The discussions will take place as part of a second round of meetings for a joint study on LNG pricing mechanisms in Asia-Pacific after Japan and India inaugurated the first meeting in New Delhi last December, the source added.
Both countries aim to report findings of their joint study during the second LNG Producer-Consumer Conference that will be held this autumn in Tokyo, the source said, declining to elaborate.
The senior-level meetings between Japan's Ministry of Economy, Trade and Industry and India's Petroleum Planning and Analysis Cell took place after both countries agreed to carry out the joint study following a ministerial-level meeting in Tokyo in October 2012. PPAC is under India's Ministry of Petroleum and Natural Gas.

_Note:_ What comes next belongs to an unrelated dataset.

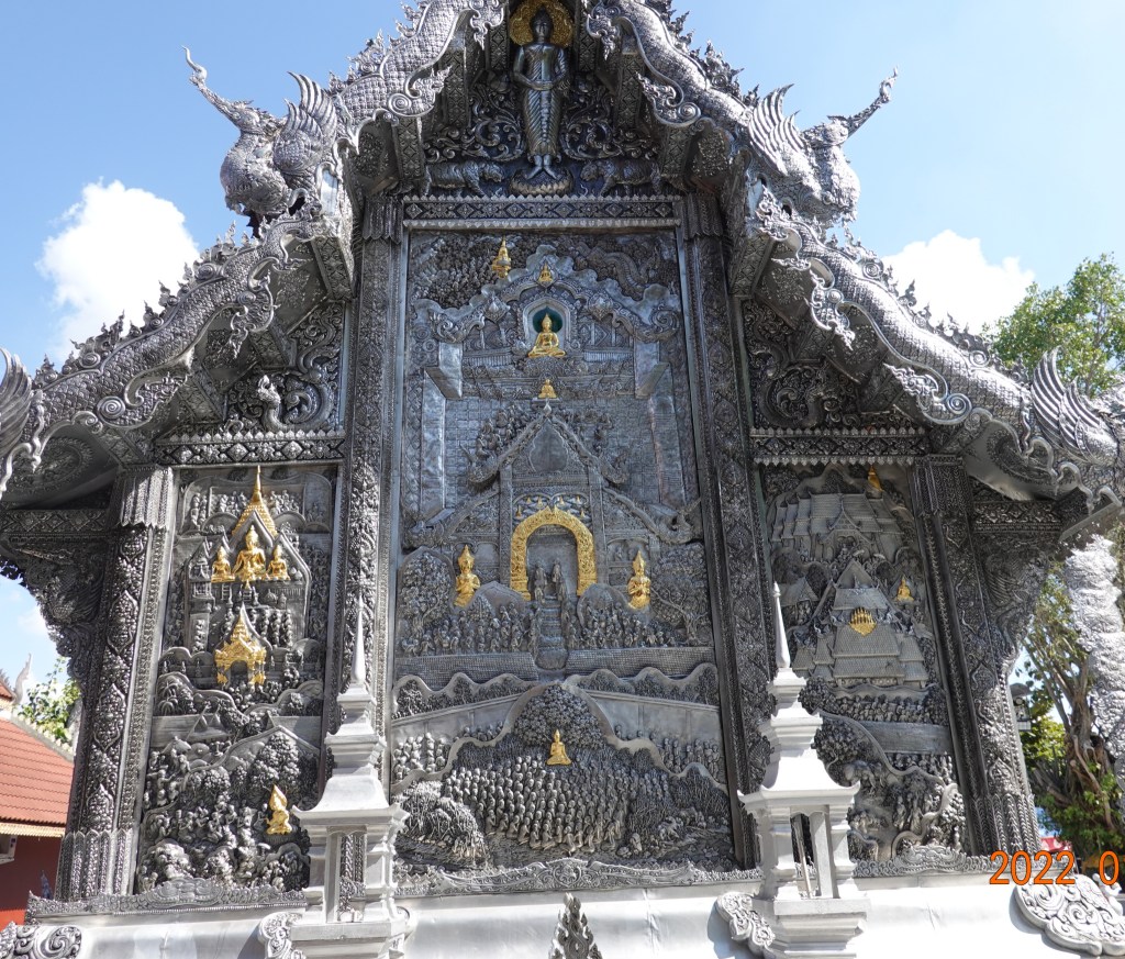 The craftsmen at Wat Sri Suphan work with nickel and aluminium for the ordination hall, although there is also some silver used in the construction of important images. The effect is certainly dazzling and unusual with a mass of repoussé and chased work, as well as carved figures, covering the exterior and interior and certainly makes for a great photographs.

Under the agreement, Japan, the world's largest LNG importer, and India, which is an emerging major LNG buyer, will jointly examine ways to mitigate increasing import costs in Asia as well as to maintain stable supplies of LNG to the region.
Describing the joint study as a strategic effort, Japan and India will weigh alternative pricing mechanisms to the currently dominant oil-indexed pricing for LNG imports in Asia, based on their shared view that the current price mechanism no longer has a valid rationale, Platts reported previously.
In September 2012, METI convened the first LNG Producer-Consumer Conference to bring together the operators of upstream projects and their customers. For the first time, the delicate question of how to price LNG for the Asian markets was brought out into the open, with presentations from both sides of the market coming together and formally marking the start of a public debate.
In 2012, Japan imported a record 87.3 million mt of LNG, up 11% year-on-year, data from Japan's Ministry of Finance showed. Its LNG imports last year cost an average of $864.07/mt ($16.60/MMBtu), up 13% from 2011.